Scott Sobie notes “I am extremely proud of our accomplishments during 2022 as an organically grown business that continues to deliver sustainable and reliable energy while generating among the best returns in North America. Our successful entry into the public markets represents a significant milestone in the progression of our business. We are excited about the record results delivered in 2022, and our results to date in 2023 have been exceptional. Our corporate netback8 in 2022 exceeded $36/boe and has continued in that range thus far in 2023 due to excellent operational execution and strong realized prices as a result of prudent hedging and natural gas marketing diversification. Prior to the most recent drop in oil prices, we added 7,000 bbl/d of new hedges for Q2 and Q3 2023 at US$75.28. Our Lower Montney lands remains 99% un-booked to date. Our recent 9-well 5-12 pad at North Karr has continued to deliver very strong production with nominal declines to date. A new 7-well pad at North Karr as well as a 7-well pad at Gold Creek are currently being completed and tied in. In 2023 we expect to generate significant cash flow per share growth and complete our infrastructure build-out, such that starting in 2024 we expect to generate substantial free cash flow.”

2022 Highlights:

  • The Company achieved record annual average production of 32,081 boe/d (43% liquids)1 for the year ended December 31, 2022. Liquids weighting increased to 43% from 39% in 2021 as the Company increased development in the Karr area. Annual average production increased 15% and oil production increased 40% over 2021.

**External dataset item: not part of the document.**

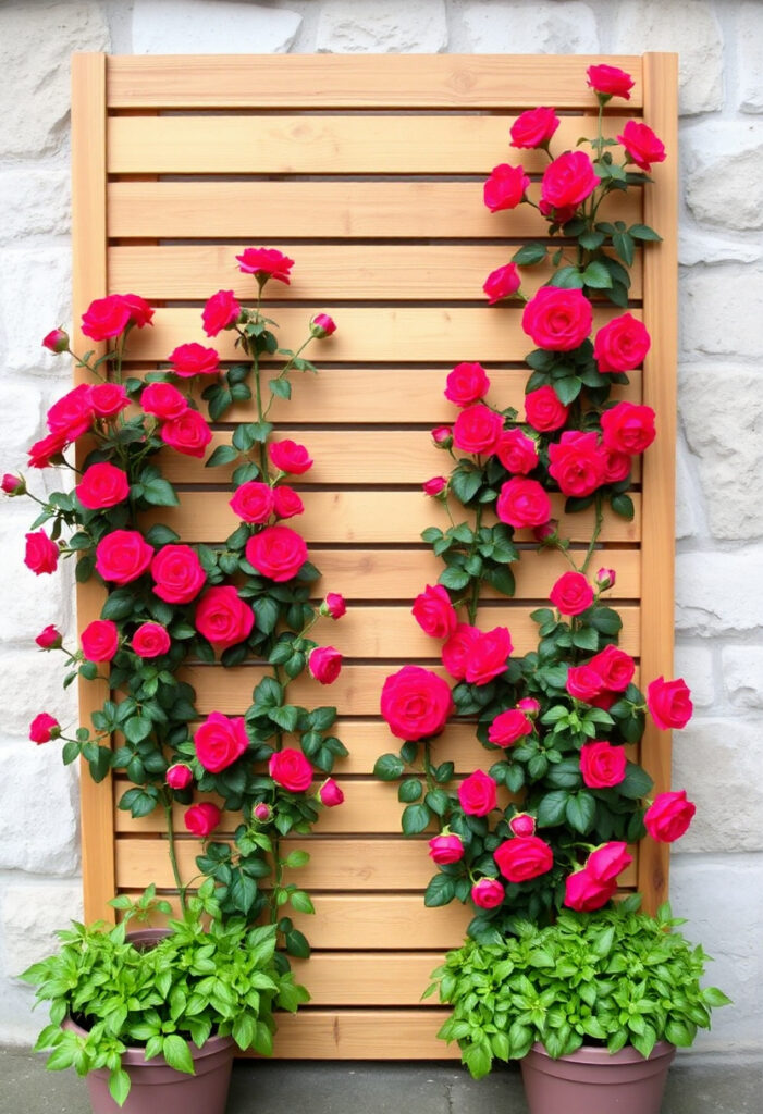 Vertical wall systems create rose-covered trellises that maximize growing space in minimal footprint areas. These structures use closely spaced horizontal supports that allow roses to create dense, wall-like plantings. Vertical walls work well for privacy screening or hiding unsightly features.

  • Oil and gas revenue was $844.6 million and operating netback2 was $457.9 million or $39.10/boe for the year ended December 31, 2022, an increase of 146% from the same period of 2021.

  • Net cash from operating activities for the year ended December 31, 2022 was $371.4 million. Adjusted funds from operations3 was $423.5 million during the year ended December 31, 2022, which is a record level and an increase of 218% from the previous year.

  • The Company reported record net profit of $225.1 million for the year ended December 31, 2022.

  • The Company realized the benefit of market diversification for its natural gas production, generating an average 2022 natural gas price of $7.84/Mcf, 46% above the 2022 average AECO 5A monthly index price of $5.36/Mcf. The Company has 25 MMcf/d of exposure to Malin gas pricing, which averaged $11.20/Mcf for the year ended December 31, 2022.

  • Net cash used in investing activities for the year ended December 31, 2022 was $368.2 million. Capital expenditures4 during the year ended December 31, 2022 were $383.9 million, inclusive of $74.0 million of infrastructure expansion capital. The exploration and development program included the drilling of 31.0 gross (29.1 net), completion of 26.0 gross (26.0 net), and on-stream of 34.0 gross (34.0 net) Montney light-oil wells.

  • Net cash from operating activities for the year ended December 31, 2022 was $371.4 million. In a year of significant production growth (up 15% year-over-year), during which the Company allocated substantial capital to Karr infrastructure expansion, the Company generated free funds flow5 of $39.5 million.

  • The Company exited 2022 with net debt6 of $291.6 million and a net debt to adjusted EBITDA ratio of 0.7 times7.

  • On September 26, 2022 the Company and DCRD announced a business combination that resulted in the formation of HEI which commenced trading on the Toronto Stock Exchange (“TSX”) and the Nasdaq Stock Market LLC (“Nasdaq”) on February 27, 2023. As at March 28, 2023, HEI had 90,927,765 Class A common shares issued and outstanding (96,779,752 fully diluted).